A virtual machine in which pointer arithmetic does not exist does provide a real measure of security (CLR, JVM, etc) from bad input. Our best C programmers do write Excellent Java code; and it’s often faster than the C code because you have the same amount of time (ie: money) to get it done either way. Looking at the bug fixes going into Git, C code is always being edited to defend against buffer overflows and memory leaks; while the Java code is usually being re-factored to use faster algorithms or less memory.
In C, you can actually prove a function correct, only to have it still fail in the wild because something else scribbled into its memory and violated all of the invariants. It’s often caused by a library written by somebody else. It’s sometimes caused by correct code incorrectly linked.
… Yes, Java applets should definitely be permanently disabled; and JavaWebStart protocol needs to be fixed in a non-backwards-incompatible way if it is to be used at all. But this is completely unrelated to the merits of the language. C has benefits, but helping out with security proofs is definitely not one of them.
I’m surprised anyone still uses Java anymore.

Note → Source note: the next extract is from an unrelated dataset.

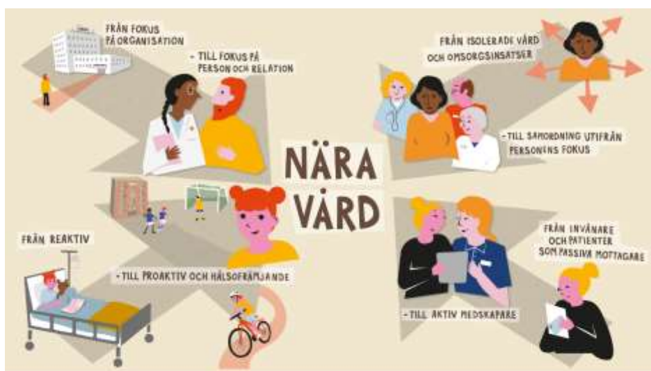
Bild: Nära vård handlar om förflyttning i förhållningssätt

Bilden nedan är framtagen av Sveriges kommuner och regioner (SKR) och visar på den förflyttning i förhållningssätt som en god och nära vård innebär.

People Why are you all that surprised ??? Java is just a drop in the ocean .
disclosure, along with Edward Snowden leak reports from the Guardian and the Washington Post suggesting companies are basically turning on spigots that allow information to flow to the government nearly freely, has firms like Google scrambling to protect client privacy.
The reasoning behind bolstering encryption schemes is that governments and others who want to pry open the data of ordinary citizens will be forced to limit the scope of their hacking, technology firms argue.
‘It’s an arms race,’
Do not be surprised that all use the vulnerabilities in Java. Java was always not very safe product, but it may be any other proprietary product instead of Java. Multiple vulnerabilities have been regularly detected in Internet Explorer and Silverlight, and Adobe Flash.
But for some reason, no one needs to disable Flash Plugin or anything else.
I believe that Oracle programmers do not need to implement a signature to applets but to review the architecture of the JRE, and perhaps pay more attention to the safe operation of downloading and execution of files.
That’s all, if exploits are downloading files and execute them, no matter where vulnerability is, it is important that this vulnerability became irrelevant.